The increase in gang violence on the streets of Vancouver and other Canadian cities has direct ties to the grisly drug-cartel wars that have terrorized Mexico and some American border towns, say Canadian and U.S. police.

Violence has reached a fever pitch in parts of Mexico where the government of President Felipe Calderon has sent in 45,000 soldiers and 5,000 federal police to try to curb cartel activity. More than 7,000 have died in the last two years, with 1,000 deaths this January alone.

The United States has felt the impact, with the cartels sending assassins across the border and more and more cells springing up across the country to distribute cocaine from the south.

Those distribution lines ultimately lead to Canada, making this country far from immune to what's going on in Mexico, says Superintendent Pat Fogarty with the Combined Forces Special Enforcement Unit.

Recent gang-related violence in British Columbia and elsewhere is "directly related to this Mexican war," he said in an interview Tuesday.

Almost all cocaine in Canada comes via Mexico, the hub for South American producers. Canadian-based organized crime groups buy the drug either directly from the cartels in Mexico, or from middlemen in Los Angeles and other American cities.

When the supply of cocaine is hampered by crackdowns in Mexico or in the United States and the price goes up, says Fogarty, competition for the remaining kilos gets tense in Canada. The bigger players with good lines into the south prevail, leaving the smaller ones scrambling.

"People are running around trying to find other sources of cocaine. The price goes up and the guns come out," said Fogarty.

"It's really about power. The people up here want the nice car, the money and the flashy girl beside them, and if they lose that they lose that status and the power."

Canada came up several times at a high-profile U.S. Drug Enforcement Administration news conference last week. The agency announced it had arrested 750 people linked to the notorious Sinaloa cartel, and had seized more than 23 tonnes of drugs.

"From Washington to Maine, we have disrupted this cartel's domestic operations - arresting U.S. cell heads ... and seriously impacting their Canadian drug operations as well," acting administrator Michele Leonhart told reporters.

The U.S. drug agency wouldn't point to a specific case where Canadian police assisted with so-called Operation Xcellerator, although Fogarty says the RCMP is constantly collaborating with American colleagues on trafficking cases.

Special Agent Jeffrey Wagner of the agency's global enforcement unit says the cartels have established cells or distribution points close to the Canadian border. Those cells will help funnel the cocaine to points north. They use flatbed trucks covered with commercial merchandise, or even cars.

Although Mexicans aren't generally at the helm of Canadian gangs, organized crime here does have contact with the Sinaloa and Gulf cartels in Mexico.

"I don't think it's a stretch to see there might be emissaries or people associated with those organizations, making trips for negotiations or to see operations or to be treated by the people they're selling to," said Wagner.

"It's a business, you have people coming from one sector of the world to see what's going on in another sector."

The gangs don't always deal with cash. Often, the Canadians will trade the coke for readily available ecstasy or pot.

Said Wagner: "What happens is the organizations, instead of smuggling currency over the border to pay for cocaine to bring up and then again smuggling ecstasy or marijuana over the border, they look at it as a way to pay their debt."

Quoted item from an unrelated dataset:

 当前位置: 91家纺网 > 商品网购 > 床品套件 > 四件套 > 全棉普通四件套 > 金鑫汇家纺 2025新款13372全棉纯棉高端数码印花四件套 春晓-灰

The U.S. drug agency is trying to raise awareness of the cartel situation in Mexico and its impact on the United States, with some success. Major American newspapers have splashed details of the cartel wars on their front pages.

The Washington Times quoted senior U.S . military officials Tuesday who warned that if Mexico's two main cartels joined forces, they would have the equivalent power of an army of 100,000.

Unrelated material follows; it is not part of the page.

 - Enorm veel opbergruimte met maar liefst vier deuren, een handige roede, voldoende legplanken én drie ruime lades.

Other senior figures in Washington have named Mexico as one of the top domestic security threats, just behind Pakistan and Iran.

Violence around the cartels has been characterized by the most gruesome kinds of killings. Victims have been decapitated and even disposed of in vats of acid. Civilians have been caught in the crossfire - at a recent festival in Morelia, drug figures threw a grenade into a crowded marketplace.

Canada's Foreign Affairs Department last week revised its travel report for Mexico, warning Canadian tourists to avoid areas around the U.S. border, especially Ciudad Juarez and Tijuana.

Popular tourist destinations such as Puerto Vallarta, the Mayan Riviera and Hualtuco have not been singled out, although the resort towns of Cabo San Lucas and Acapulco are located the affected states of Baja California and Guerrero.

Peter Kent, Minister of State for the Americas, said the Canadian government is collaborating with Mexico on several levels to help it tackle the drug problem, including cooperation at political, military and police levels.

He said the issue of security throughout the region will be a dominant issue at the upcoming Summit of the Americas.

"Canada recognizes and encourages Mexico's crackdown on drug gangs and organized crime, but the side effect of success has been the displacement of some of that to Guatemala and (other countries)," Kent said in an interview.